Researchers at the Department of Urban Planning and Policy, University of Illinois, point out numerous examples of real estate agencies working both sides of a TIF deal – consulting for the municipal planners and the developers at the same time. “Although the use of consultants is necessary to access expert knowledge, an increasing reliance on them can raise conflicts of interest – particularly when they play both sides of the deal.” Equally troubling is the pattern of politicians favoring their friends and campaign donors with handouts in the form of lucrative TIF deals.
Article I, Section 10 might protect local communities from federal abuse, as intended by the Founders, but offers no tools to simultaneously protect ourselves from local tyrannies. Our current system fails to meet a key challenge of decentralized government: the explicit protection of our rights at both federal and local levels.

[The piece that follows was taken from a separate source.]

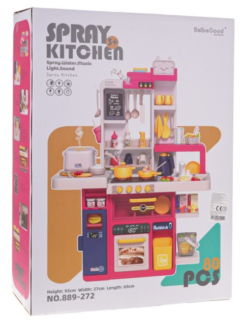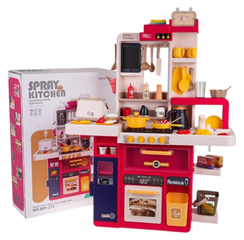 Interaktywna kuchnia z funkcją światła, pary wodnej, dźwięku i kranikiem, z którego wydobywa się woda, a także mnóstwem akcesoriów, dla dzieci od 3-go roku życia. Kuchnia została znakomicie wykonana, z najlepszej jakości plastiku i jest w żywych kolorach zachęcających dziecko do zabawy. Na blacie kuchni znajduje się interaktywna płyta z palnikami. Po przekręceniu jednego z pokręteł słychać odgłosy gotowania, a drugiego, odgłosy smażenia. Odgłosom gotowania i smażenia towarzyszy podświetlenie palników. Dodatkowo z patelni lub garnka wydobywa się para wodna. Z kranu faktycznie wypływa woda, jak w prawdziwym zlewie, dziecko będzie mogło umyć zabawkowe naczynia. Do zestawu dołączono również tablicę kredową, na której można przygotować np. przepis lub listę na zakupy. W zestawie mamy też atrapę lodówki z otwieranymi drzwiczkami, otwierany piekarnik oraz mnóstwo półeczek, na których ułożyć możemy atrapy produktów. Na górze zestawu kuchennego znajduje się panelik muzyczny z przyciskami uruchamiającymi różne melodie I odgłosy wydawane przez okap. W zestawie znaleźć możemy również pojemnik do gotowania ryżu, z którego wydobywa się bezpieczna para wodna oraz słychać różne odgłosy gotowania. Cały zestaw prezentuje się znakomicie. Cały zestaw zasilany jest bateriami typu 9 x AA 1,5 V (brak w zestawie). Funkcje zestawu: - odpowiednia dla dzieci od 3-go roku życia, - wykonana z najlepszej jakości plastiku w żywych kolorach, - bogato wyposażona, zestaw składa się aż z 80 elementów, - ruchome pokrętła, - palniki z podświetleniem, - odgłosy smażenia i gotowania, - z patelni lub garnka wydobywa się bezpieczna para wodna, - z pojemnika do gotowania ryżu wydobywa się bezpieczna para wodna i słychać odgłosy gotowania, - kran z lecącą wodą, - otwierana lodówka, - otwierany piekarnik, - otwierana półka, - zegar z ruchomymi wskazówkami, - tablica kredowa, - panelik z melodiami i odgłosami wydawanymi przez okap. |

We have no easy answer to that challenge, but we do have a difficult answer: constitutions. The US Constitution has been relatively successful at protecting the rights of American citizens. Imagine the US without a Federal guarantee of freedom of movement and trade between the states! Reflecting on the model laid out by Hayek in The Road to Serfdom and by Gordon and Tullock in The Calculus of Consent, we need constitutional rules for government behavior. The problems with our current federal system lie in too little enforcement of the Constitution we have, not the absence of rules to enforce. To protect us from tyranny, all three branches of the federal government need to dutifully uphold their constitutional oaths.
But constitutional protections cannot stop at the federal level. We the People, in order to defend our rights from local incursion, must limit the power of local governments with local constitutions, just as the Founders did at the Federal level.